Cultured’s ten varieties of sauerkrauts account for the majority of the shops production. The flavors of these cabbage pickles range from classic Eastern European spices to Ayurvedic blends, and quite a lot in between. All of Cultured’s sauerkrauts are naturally fermented in the brine created from the juice of the vegetables and salt—no vinegar—no water—no heat. They are unpasteurized to retain their vibrant ecosystem of beneficial probiotic bacteria.


Seasonal Specialities

Cultured’s seasonal specialty pickles highlight our relationship with the local farms of Northern California. We use the the same fermentation process as in our sauerkrauts—pickling a wide variety of vegetables to create an array of delightful and captivating combinations.

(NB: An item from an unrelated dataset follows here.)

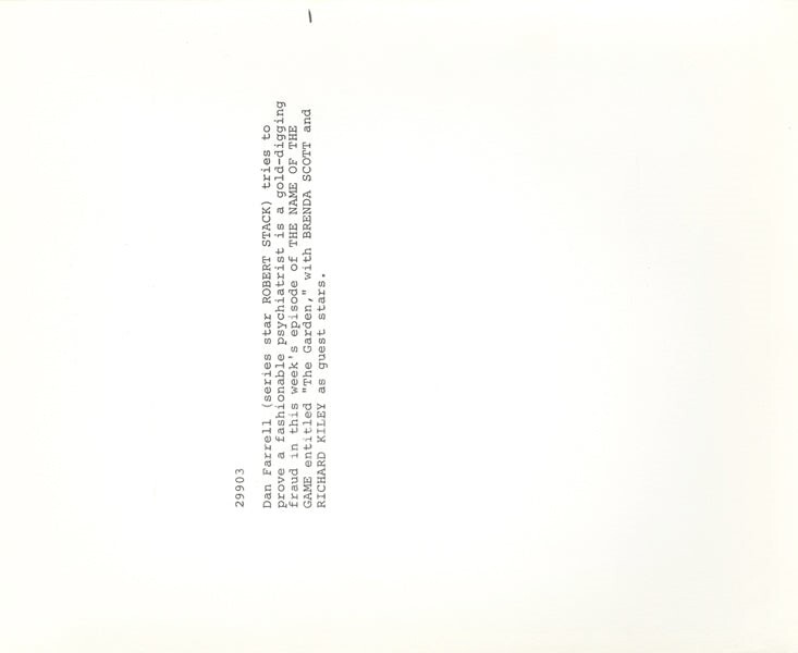 The Name of the Game Robert Stack, Brenda Scott ,Robert Kiley, The Garden Episode Original 8x10 Photo with Snipe 1970 Near Mint Condition This item is an ORIGINAL 8x10 photo from the historic archives of Silver Screen Mementos. This original photograph was made in the actual year the film, television show or event was produced. The movie studios produced publicity photographs for distribution to the press, photo agencies and publicity departments to advertise the film/tv show or event. Very often original photos have press release information on the reverse of the photo - movie credits, description of the scene, event and people involved. This is a historic piece of cinema art and is being offered from one collector to another, no rights given or implied. Silver Screen are gradually releasing thousands of Original Photographs, Transparencies, Negatives, Lobby Cards, Posters, Magazines and other memorabilia from our historic archive.

Not Available In Stores.


Tsukemono

The Japanese word for ‘pickle’ translates as “to alter without the use of heat." We explore a variety of the most traditional yet lesser known of the Japanese pickling world.


Kombucha

Our shop cultivates a signature twist on the celebrated and remarkable Kombucha culture. Kombucha eats tea and sugar, metabolizing them into a tangy, effervescent, and probiotic beverage.
We do not ship Kombucha. Only available at The Pickle Shop and Berkeley Farmers' Market.